Can They Do the Job? Will They Want To?
Would someone who’d built their career on open source software be happy building closed source products? That was the question nagging at me as I interviewed a core Python developer. They had an impressive background, the kind of resume that makes you want to skip straight to the offer. They’d spent years contributing to open source software that millions of developers rely on.
I asked directly. The conversation made clear that what energized them was the community, the public impact, the collaborative development model. We were building proprietary software. The fit wasn’t there.
We passed on each other. They went on to a company where they could primarily work on OSS. No six months of mutual frustration. No wasted time. Just an honest conversation that got both sides to the right answer faster.
The hard part isn’t the conversation itself; it’s being willing to have it. Most hiring processes never do. Coding tests, system design interviews, and take-homes all answer the same question: Can this person do the job?
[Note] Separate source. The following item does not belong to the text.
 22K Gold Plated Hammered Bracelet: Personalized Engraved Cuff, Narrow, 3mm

A well-designed technical interview will filter out candidates who can’t write working code or reason about systems.
But there’s a question technical vetting can’t answer: Will this person want to do this job, on this team, with these tradeoffs? Technical skills get someone through the door, but alignment determines whether they stay and succeed.
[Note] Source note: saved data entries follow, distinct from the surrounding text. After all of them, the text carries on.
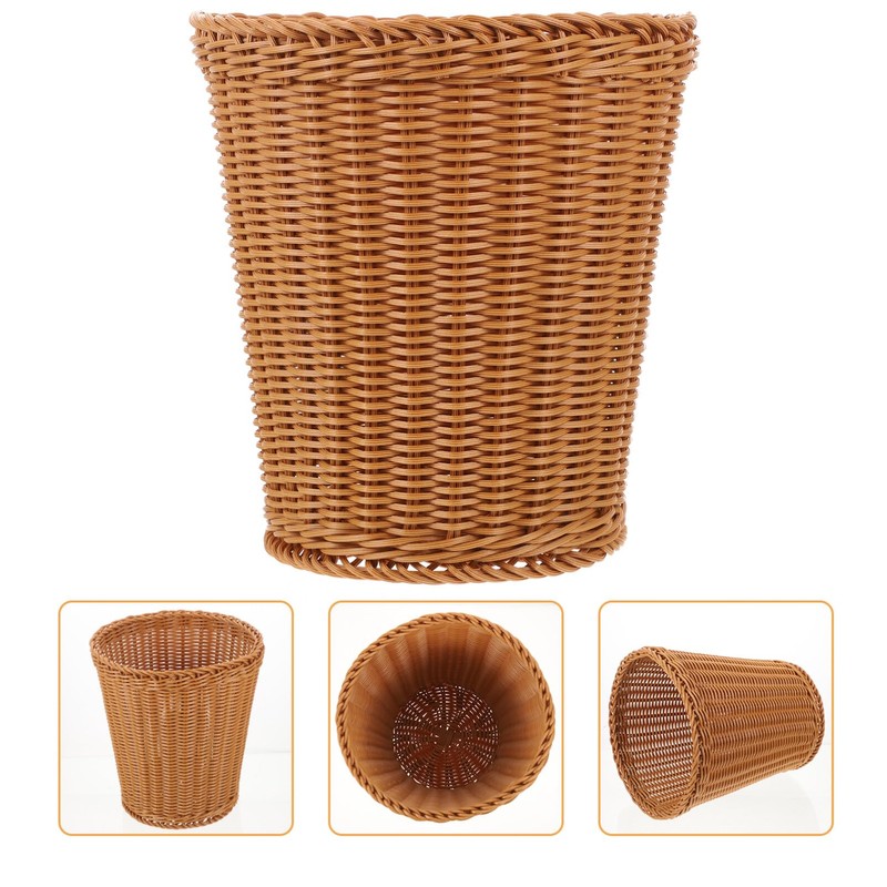 - 【Wicker Waste Basket】🗑️🔥🔥 Rattan waste basket wicker trash can round trash bin woven storage basket clothes container imitation rattan woven storage bucket sundries basket for bedroom, living room and bathroom basket.
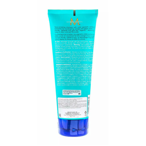 Тонирующий шампунь Moroccanoil с фиолетовым пигментом станет незаменимым помощником для обладательниц светлых, осветленных и седых волос.
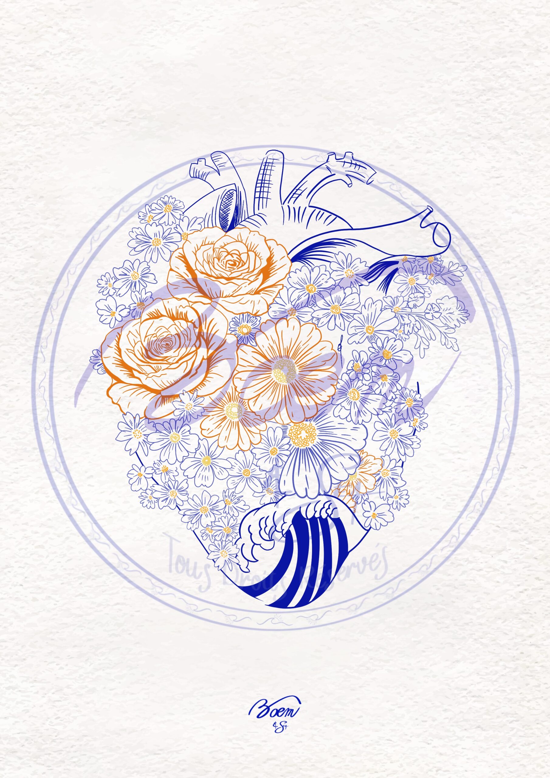 Alors la voilà : la version printanière du cœur d’ARTichaut, une version fleurie, toujours dans sa forme initiale d’organe avec une touche méditerranéenne. Les prints seront disponibles en A4 et A6 lors de mes événements de MAI ; sur Chateauneuf au Brucs et dans le village de Valbonne, j’ai hâte de vous voir l’adopter 🫀🌊🌸

When I say alignment, I don’t mean “culture fit” in the vague sense that phrase often gets used. That term has become suspect for good reason: too often it measures whether someone feels familiar, reinforcing sameness rather than predicting success. Alignment measures whether someone’s goals and your reality overlap. Culture fit is a feeling. Alignment is a question you can ask directly and get a real answer to: “We’re building proprietary software with no open source component. Is that something you’re excited about, or something you’d tolerate?”
The Question Coding Tests Don’t Ask
You can verify that someone knows Python, can design a distributed system, or can debug a tricky race condition. This is what most technical hiring optimizes for: confirming that credentials are real while revealing little about fit. What you can’t verify with a coding test: Do they want to work on internal tools or customer-facing products? Are they energized by greenfield projects or do they prefer optimizing existing systems? Will they stick around when the work gets unglamorous?
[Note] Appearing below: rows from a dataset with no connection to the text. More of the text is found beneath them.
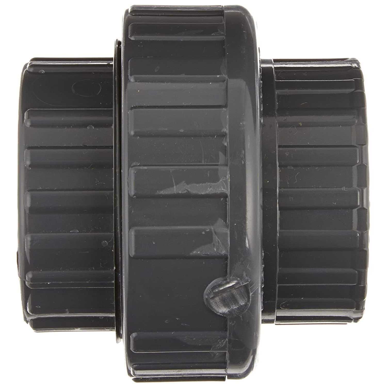 Union Fitting For Connecting And Disconnecting Two Pipes More Easily Than With Couplingssocket Openings On Both Ends For Connecting Two Male Pipespvc For Strength And Resistance To Chemicals And Corrosion, And A Viton Seal For Use With A Variety Of Chemicals And Fuelsmaximum Operating Temperature Of 140 Degrees Fmeets Astm D1784 And D2467 Standards For Quality Assurance, And Certified By Nsf International For Potable Water Service This Spears 857 Series Schedule 80 Pvc Union Fitting Has Socket Openings On Both Ends, And Is Suitable For Connecting Two Pipes. The Socket Ends Connect To Pipes With A Smooth Bore For Enhanced Flow. The Fitting Has Three Pieces And Includes A Threaded Connection That Can Be Screwed Or Unscrewed To Connect Or Disconnect Pipes More Easily Than With Couplings. It Is Made Of Gray Pvc (polyvinyl Chloride) For Chemical And Corrosion Resistance, High Strength, And Less Weight Than Fittings Made From Metal, And Has A Viton (fkm, Fluoroelastomer) Seal For Resistance To Oils, Fuels, Chemicals, Many Solvents, Weathering, And Extreme Temperatures. It Is Compatible With Schedule 80 (thick Wall) Pvc Pipes And Fittings, And Is Suitable For Chemical Processing, Industrial Plating, Chilled Water Distribution, Deionized Water Lines, And Chemical Drainage And Wastewater Treatment Systems. Pvc Can Be Connected To Other Materials Such As Steel, Copper, Or Cast Iron Using Transition Fittings. The Fitting Has A Maximum Operating Temperature Of 140 Degrees F, And A Maximum Operating Pressure Of 235 Pounds Per Square Inch (psi) At 73 Degrees F. It Meets Astm International D1784 And D2467 Standards For Quality Assurance, And Is Certified By National Sanitation Foundation International (nsf) For Potable Water Service. This Schedule 80 Pvc Union Fitting Is Suitable For Connecting Pipes For Conveying Drinking Water, Waste Water, Chemicals, And Other Liquids In A Range Of Industries.pipe Fittings Are Components Used For Connecting, Terminating, Controlling Flow, And Changing The Direction Of Piping In Many Different Industries. When Purchasing Pipe Fittings, Consider The Application, As This Will Affect Material Type, Shape, Size And Required Durability. Fittings Are Available Threaded Or Unthreaded, In Many Shapes, Styles, Sizes, And Schedules (pipe Wall Thickness).spears Manufacturing Produces Thermoplastic Fittings And Valves For Fluid, Drain, Waste, And Vent Systems. The Company, Founded In 1969 And Headquartered In Sylmar, Ca, Meets International Organization For Standardization (iso) Standard 9001.
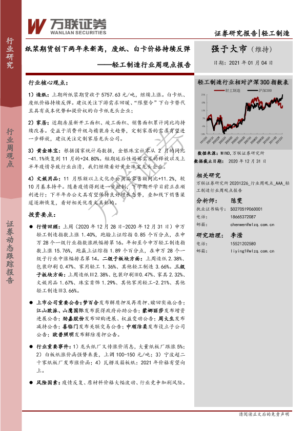 【万联证券】【20210104】20210104-万联证券-轻工制造行业周观点报告:纸浆期货创下两年来新高,废纸、白卡价格持续反弹-13页
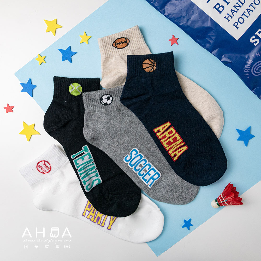 AHUA阿華有事嗎 韓國襪子 球類運動男生短襪 男襪 K1767 正韓男襪 潮流襪 百搭純棉襪 文青 刺繡 運動風

Consider someone I interviewed who had significant experience doing exactly what we needed: optimizing inference servers for LLMs. On paper, perfect. But as we talked, it became clear they weren’t interested in inference optimization itself. They’d done that work because it was necessary for what they actually cared about: building parsers. The inference work was a means to an end they found meaningful. We were hiring for the means, not the end. If we brought them on, they’d be doing the task without the context that made it satisfying. That’s someone who’s technically productive but quietly disengaged. The resume said yes. The conversation said no.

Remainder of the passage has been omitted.